**** COLLECTED MATERIAL ****

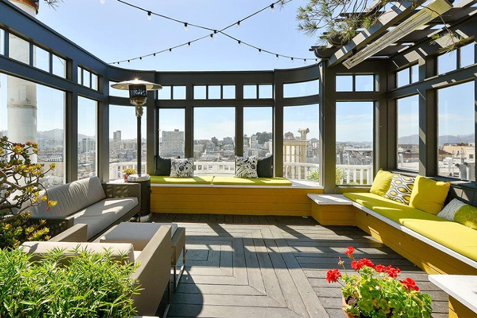 Built in 1988, the modern, two-story house has three bedrooms, two-and-a-half baths, top-floor skylights, two wood-burning fireplaces, and even an elevator. But the rooftop garden is the real star. With overhead heating, a windbreak, and comfy seating, it's the perfect spot to enjoy happy hour while taking in views of the Golden Gate Bridge. You may never go inside again.
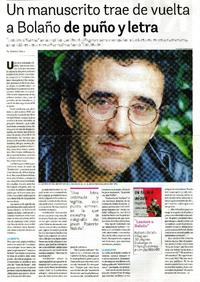 Un manuscrito trae de vuelta a Bolaño de puño y letra [artículo] Cristóbal, Gaete.
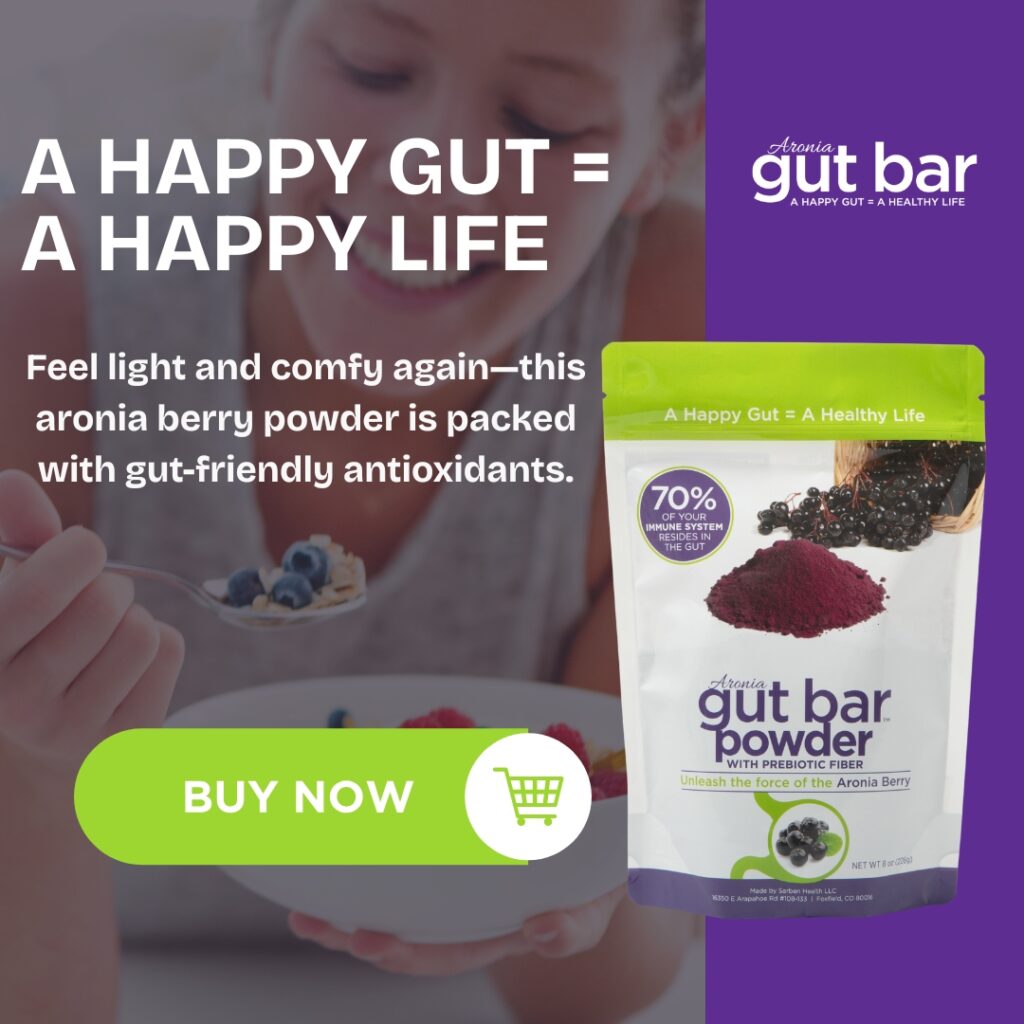 - Consume lots of high polyphenol foods…plant compounds that support healing and balance out the gut bugs. Aronia berries are among the highest in gut-friendly polyphenol compounds that are conveniently packed with massive amounts of antioxidants.

****

**EXERCISE REQUIREMENTS**
What you return must match the data above exactly, with no images included.

**TASK SOLUTION**
 Built in 1988, the modern, two-story house has three bedrooms, two-and-a-half baths, top-floor skylights, two wood-burning fireplaces, and even an elevator. But the rooftop garden is the real star. With overhead heating, a windbreak, and comfy seating, it's the perfect spot to enjoy happy hour while taking in views of the Golden Gate Bridge. You may never go inside again.
 Un manuscrito trae de vuelta a Bolaño de puño y letra [artículo] Cristóbal, Gaete.
 - Consume lots of high polyphenol foods…plant compounds that support healing and balance out the gut bugs. Aronia berries are among the highest in gut-friendly polyphenol compounds that are conveniently packed with massive amounts of antioxidants.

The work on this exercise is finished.